Hillbilly Housewife, a Web site that's undergone a rebirth in the last year or so, has a recipe for a milkshake that tastes just like a Frosty, host Susanne assures us. Bonus: You don't need ice cream.

"With this recipe we can have delicious frosty milkshakes for a fraction of the cost of those using ice cream. And all the ingredients are on the pantry shelf," Susanne writes.

The contents are ice water and ice cubes, powdered milk, sugar, cocoa, vanilla and -- here's the surprise -- 2 tablespoons of corn oil plus a five-second squirt of nonstick spray. (For variations, please read the post.)

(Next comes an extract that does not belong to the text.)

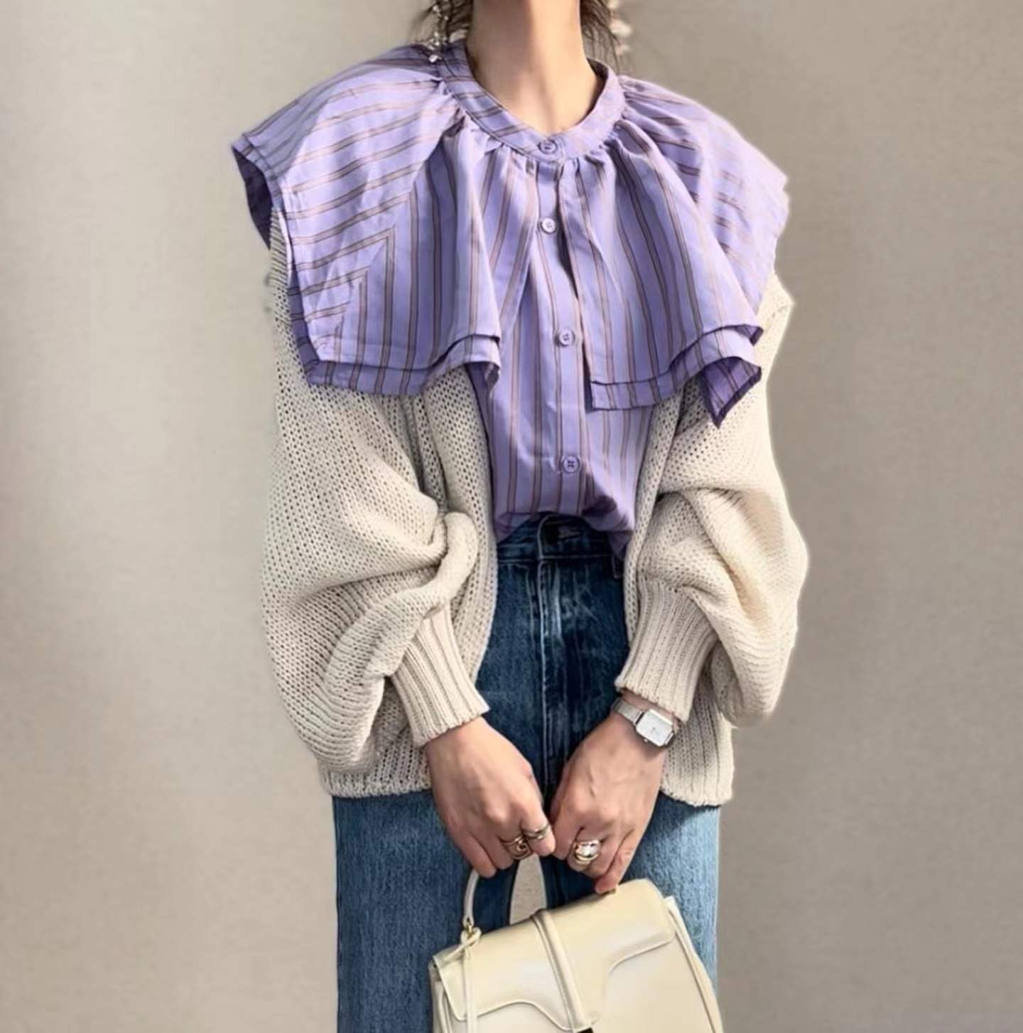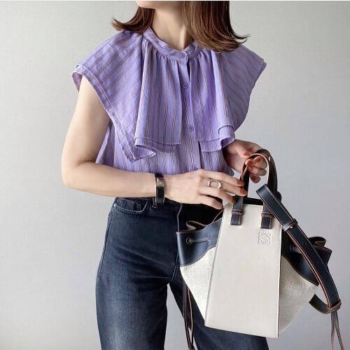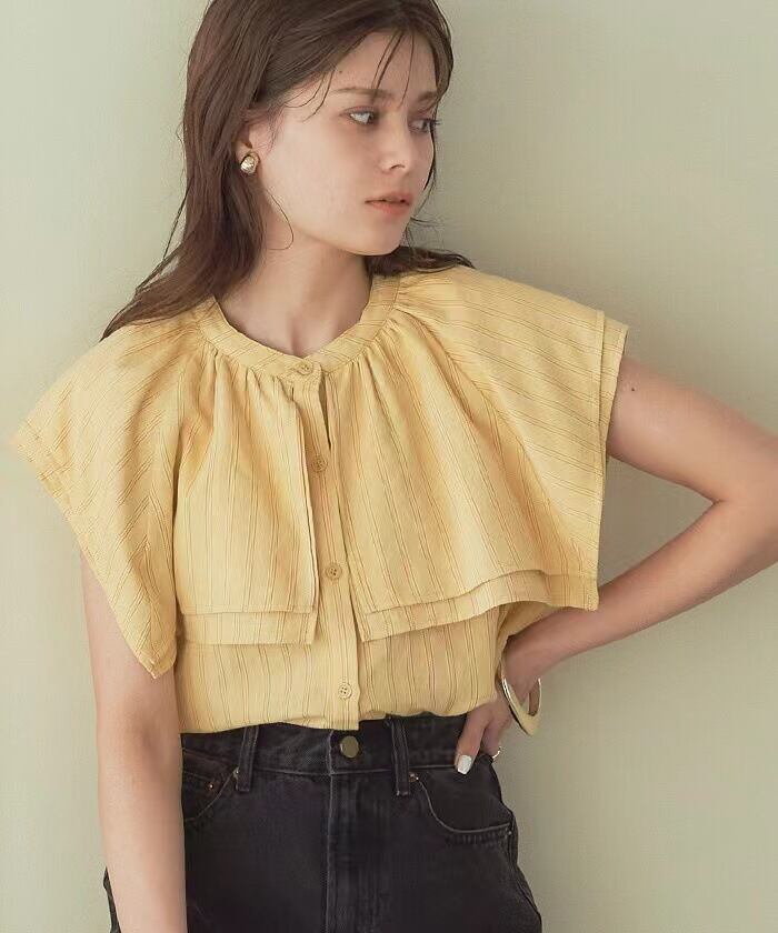 Nomikuma スタイルノースリーブダブルショールパッチワークスタンドネックジャカードストライプブラウス夏 サマー 夏物

Those last two ingredients have caused a bit of a stir. In fact, this is the only recipe we've seen online that's followed by "a long rant" in response to readers' e-mails. If you're bothered about adding the oil and spray, take a look at labels on other foods in your house. Mayonnaise and coffee creamer are good examples.

"Let me make things clear. Fat makes things creamy," Susanne writes. "It may seem weird to add vegetable oil to a beverage, but manufacturers do it all the time."
Comments

 

We make HBHW's magic milkshakes at home all the time (mainly because we NEVER have any ice cream in the freezer!)  They are really good.  As far as the last two ingredients, I just use whatever oil I happen to have.  Usually olive oil.  

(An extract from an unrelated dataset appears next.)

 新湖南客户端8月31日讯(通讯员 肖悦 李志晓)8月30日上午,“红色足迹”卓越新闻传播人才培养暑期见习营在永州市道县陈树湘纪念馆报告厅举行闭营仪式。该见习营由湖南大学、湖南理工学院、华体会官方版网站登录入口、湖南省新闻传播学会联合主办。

We make milkshakes using milk, banana, vanilla flavoring, honey or sugar and ice cubes.  I just blend these ingredients together and that's it.  These are much healthier and even my picky teenage boys love them.

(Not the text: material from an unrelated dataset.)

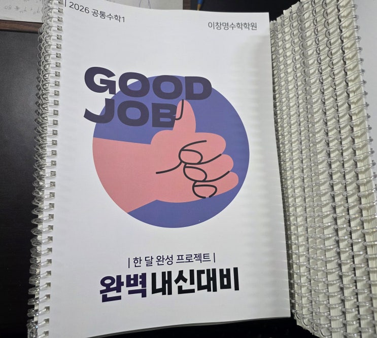 안녕하세요 이창명수학학원입니다. 이번에 제작한 고1 내신대비 자체교재가 배송되었습니다. 고1 공통수학1 교재는 고2 대수 교재와는 구성이 조금 다릅니다. 고1은 이번 시험범위가 다항식과 곱셈공식, 인수분해, 항등식, 복소수, 이차방정식, 이차함수입니다. 해당 내용들은 계산하는데 많은 시간을 필요로하는 유형들이 대부분입니다. 그래서 이번 교재는 계산연습을 빡빡하게 할수있도록 준비했습니다. 문제를 보자마자 손이 움직일수있도록 말이죠. 이렇게 해야 시험이 어려워도 시간확보가 가능해서 어려운문제를 풀어볼 시도를 해볼수 있습니다. 몇몇 단원에서는 노가다를해서 답을 구할수있는 유형들이 나오는 경우가 있어서 시간확보가....... <img src="https://blogthumb.pstatic.net/MjAyNjA0MDVfNjgg/MDAxNzc1Mzk1NDU4Njgy.s3k0Svx8zTZ54adnNfJcNOSkY0epzwwYqTJ_qJpXkAkg.CHuxk8ycqZvBFqbQ0Y5EzR_uVpDTwBpL84bCtBwjmgAg.JPEG/KakaoTalk_20260405_220548463_04.jpg?type=s3" />

I have family in MI, and the buying of Mason jars is for canning food now and in the future. An old mayo or pickle jar could be easily used to bury money without the expense of buying jars.

There is a series of "Top Secret Recipes" books that have recipes for really good knock-offs from popular fast-food and actual restaurants.My family absolutely loves the KFC original recipe fried chicken one, except they say mine is better.We actually started using trans-fat free oil and boneless chicken breasts way before KFC did.It freezes really well, too, so I make lots at one time and freeze for future dinners.I also found a crunchwrap(like Taco Bell's) recipe online that was just as good as the original,too.